KINGSTON, Jamaica – Curiously named Vampire Rejection, the winner of the opening event, was the first of three successes for joint champion jockey Dane Nelson. Trained by Donovan Plummer and starting at odds of 5/2, the lightly raced five-year-old son of Soul Warrior dominated the early fractions and never looked likely to be overtaken in scoring by six lengths.

There was a predictable match in the 1000-metre straight second between Baby Star (Anthony Thomas) conditioned by Johnny Wilmot and Custer (Tevin Foster) prepared by Alford Brown. Failing to abandon the habit of hopping leaving the gate Custer lost a fraction of a second and although sprinting in front for 800 metres was worn down by his principal rival to concede two lengths at the wire.

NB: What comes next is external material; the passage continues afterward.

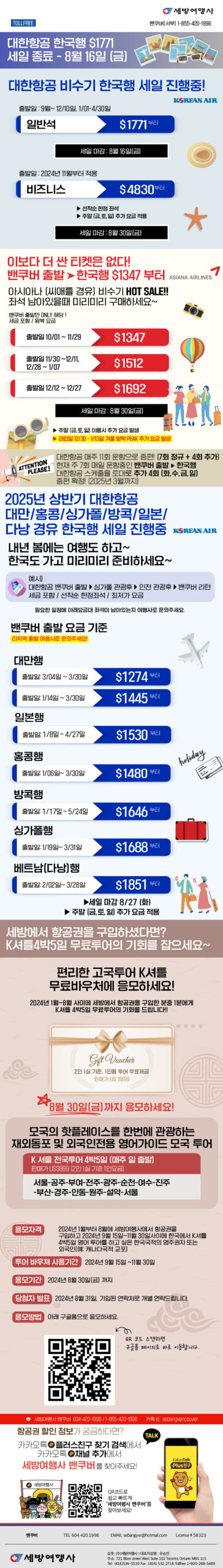 [세방여행레터] 마감임박! 대한항공스페셜 일반석 8/30, 비지니스석 8/31까지! 에어캐나다 파업대비 REBOOKING POLICY 도 확인하세요~2024/08/282024-08-28 19:00:25

 In the 1600-metre third, Hot Ice (Omar Simpson), trained by Raymond Townsend, followed up the January 30 nine-length triumph at odds of 5/1 with a hard-fought three parts of a length winning advantage at 7/1.

The first of three visits to the winners’ enclosure by trainer Gary Subratie was delivered by Christopher Mamdeen with well-fancied Sir Arjun Babu in the fourth. Although drifting to the stand side the gelding stayed on gamely to score by just under a length for the first of double success for the 2019 champion jockey.

Restricted to four-year-olds and upwards maidens whose career performances yielded no second or third-placed finishes except in dissimilar races, this entry condition of the 1200-metre fifth presented the usual ultimate challenge to the punters.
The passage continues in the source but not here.